对于可见-红外人员重新识别(VI-ReID)任务,一个主要挑战是显著的跨模态不一致性。现有的方法很难进行模态无关信息挖掘。他们通常仅关注空间或通道等单一维度,并忽略了提取特定模态多维度信息。要完全挖掘跨模态信息,我们引入了宽范围信息挖掘网络(WRIM-Net),它主要由多维度交互信息挖掘(MIIM)模块和基于辅助信息的目标差异学习(AICL)方法组成。通过引入全局区域交互(GRI),MIIM通过内维度交互全面挖掘非局部空间和通道信息。此外,由于低计算复杂度设计,单独的MIIM可以被放置在浅层,使网络更好地挖掘特定模态多维度信息。AICL通过引入新颖的跨模态键实例对比(CMKIC)损失有效地引导网络提取模态无关信息。我们在既定的知名SYSU-MM01和RegDB数据集以及最新的大型跨模态LLVM数据集上进行了广泛的实验。结果表明,WRIM-Net优越地超越了最先进的方法。
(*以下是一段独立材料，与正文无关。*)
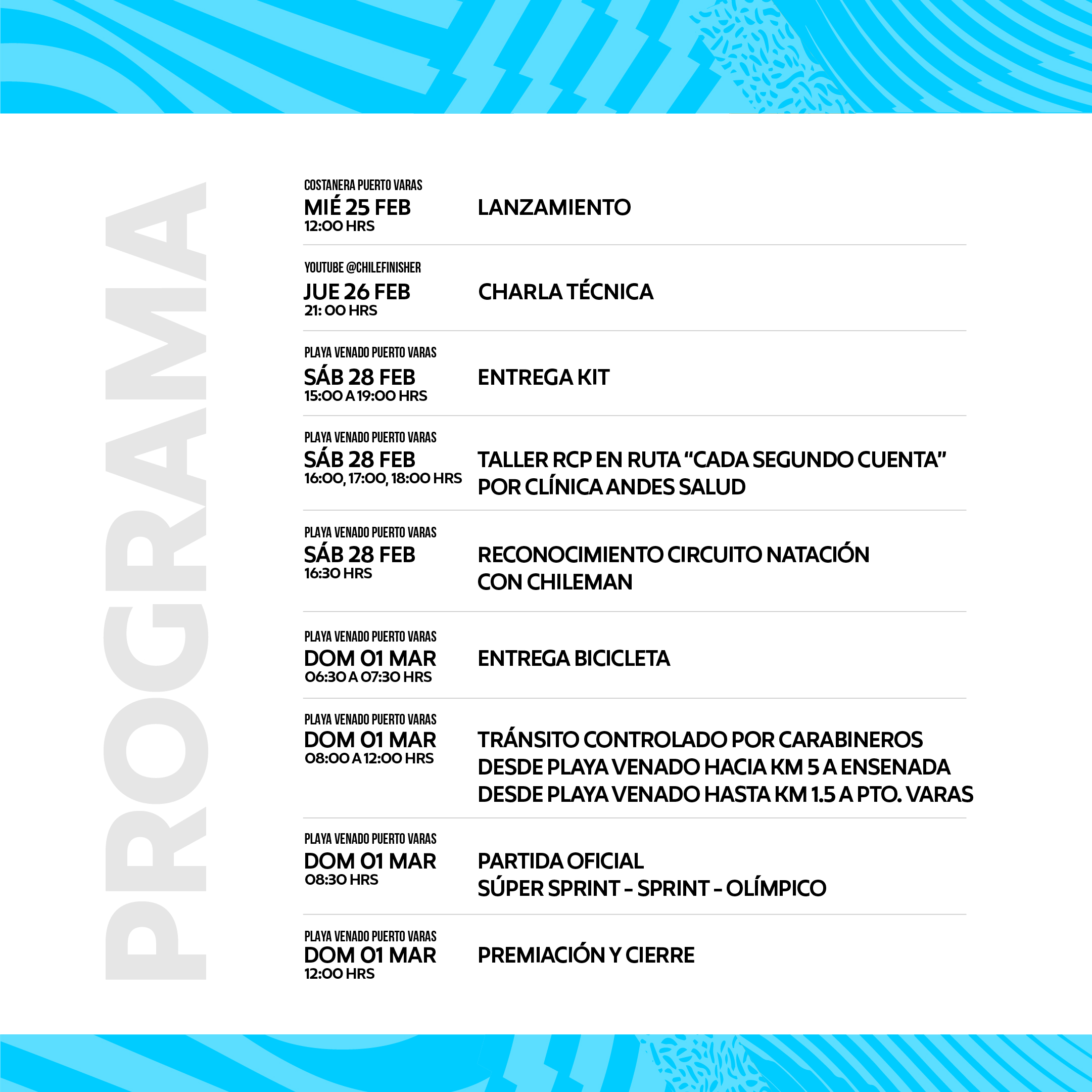 Playa Venado, a solo 20 km de Puerto Varas, será el epicentro de esta competencia que inaugura el calendario de Triatlón 2026 en Chile con este circuito maravilloso en la cuenca del lago Llanquihue. Un evento exclusivo, con un circuito de primer nivel y una producción pensada para brindar la mejor experiencia a cada triatleta.

https://arxiv.org/abs/2408.10624
Unsupervised person re-identification (Re-ID) aims to learn a feature network with cross-camera retrieval capability in unlabelled datasets. Although the pseudo-label based methods have achieved great progress in Re-ID, their performance in the complex scenario still needs to sharpen up. In order to reduce potential misguidance, including feature bias, noise pseudo-labels and invalid hard samples, accumulated during the learning process, in this pa per, a confidence-guided clustering and contrastive learning (3C) framework is proposed for unsupervised person Re-ID. This 3C framework presents three confidence degrees. i) In the clustering stage, the confidence of the discrepancy between samples and clusters is proposed to implement a harmonic discrepancy clustering algorithm (HDC). ii) In the forward-propagation training stage, the confidence of the camera diversity of a cluster is evaluated via a novel camera information entropy (CIE). Then, the clusters with high CIE values will play leading roles in training the model. iii) In the back-propagation training stage, the confidence of the hard sample in each cluster is designed and further used in a confidence integrated harmonic discrepancy (CHD), to select the informative sample for updating the memory in contrastive learning. Extensive experiments on three popular Re-ID benchmarks demonstrate the superiority of the proposed framework. Particularly, the 3C framework achieves state-of-the-art results: 86.7%/94.7%, 45.3%/73.1% and 47.1%/90.6% in terms of mAP/Rank-1 accuracy on Market-1501, the com plex datasets MSMT17 and VeRi-776, respectively. Code is available at this https URL.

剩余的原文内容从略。